Extracted data below:

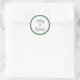 Los nombres son sencillos y elegantes, verde oscuro y blanco boda Pegatina redondo clásico. Muestra los nombres en blanco con un borde verde. Coordina con nuestra colección de bodas "Hojas tropicales verdes".
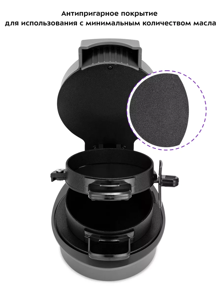 На нагревательные панели и форму для сэндвича нанесено антипригарное покрытие, что позволяет готовить с минимальным количеством масла. Такое покрытие также облегчает процесс чистки устройства.
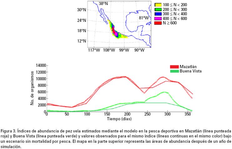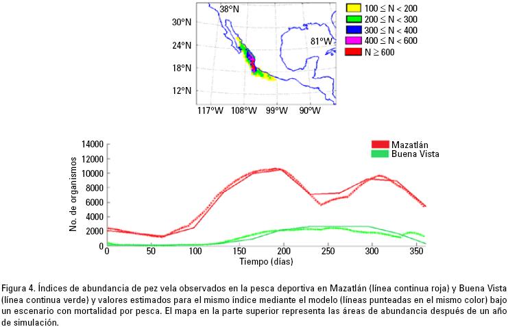 En la Figura 4 se presentan los resultados del modelo para un escenario donde existe mortalidad por pesca simulada en la región localizada al norte del puerto de Mazatlán, contrastados con los índices de abundancia observados para los puertos de Buena Vista y Mazatlán. Se utilizó una captura promedio de 0.019 veces la abundancia localizada en esa región por día, fracción que proporcionó el mejor ajuste a la diferencia entre las alturas de los picos observados en la zona de Mazatlán y Buena Vista.
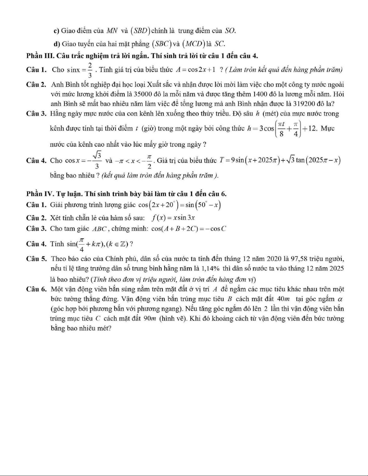 Xin giới thiệu đến quý thầy, cô giáo và các em học sinh đề kiểm tra giữa học kì 1 môn Toán 11 năm học 2025 – 2026 trường THPT Trần Phú – Hoàn Kiếm, thành phố Hà Nội. Đề thi gồm 12 câu trắc nghiệm nhiều phương án lựa chọn + 02 câu trắc nghiệm đúng sai + 04 câu trắc nghiệm trả lời ngắn + 06 câu tự luận, thời gian làm bài 90 phút.
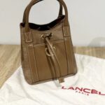 Mini sac Lancel en cuir et toile – Marron / Camel

End of Extracted data.

### Work instruction
Pictures are to be omitted; otherwise, write out the data exactly as it appears.

### Output for this task
 Los nombres son sencillos y elegantes, verde oscuro y blanco boda Pegatina redondo clásico. Muestra los nombres en blanco con un borde verde. Coordina con nuestra colección de bodas "Hojas tropicales verdes".
 На нагревательные панели и форму для сэндвича нанесено антипригарное покрытие, что позволяет готовить с минимальным количеством масла. Такое покрытие также облегчает процесс чистки устройства.
 En la Figura 4 se presentan los resultados del modelo para un escenario donde existe mortalidad por pesca simulada en la región localizada al norte del puerto de Mazatlán, contrastados con los índices de abundancia observados para los puertos de Buena Vista y Mazatlán. Se utilizó una captura promedio de 0.019 veces la abundancia localizada en esa región por día, fracción que proporcionó el mejor ajuste a la diferencia entre las alturas de los picos observados en la zona de Mazatlán y Buena Vista.
 Xin giới thiệu đến quý thầy, cô giáo và các em học sinh đề kiểm tra giữa học kì 1 môn Toán 11 năm học 2025 – 2026 trường THPT Trần Phú – Hoàn Kiếm, thành phố Hà Nội. Đề thi gồm 12 câu trắc nghiệm nhiều phương án lựa chọn + 02 câu trắc nghiệm đúng sai + 04 câu trắc nghiệm trả lời ngắn + 06 câu tự luận, thời gian làm bài 90 phút.
 Mini sac Lancel en cuir et toile – Marron / Camel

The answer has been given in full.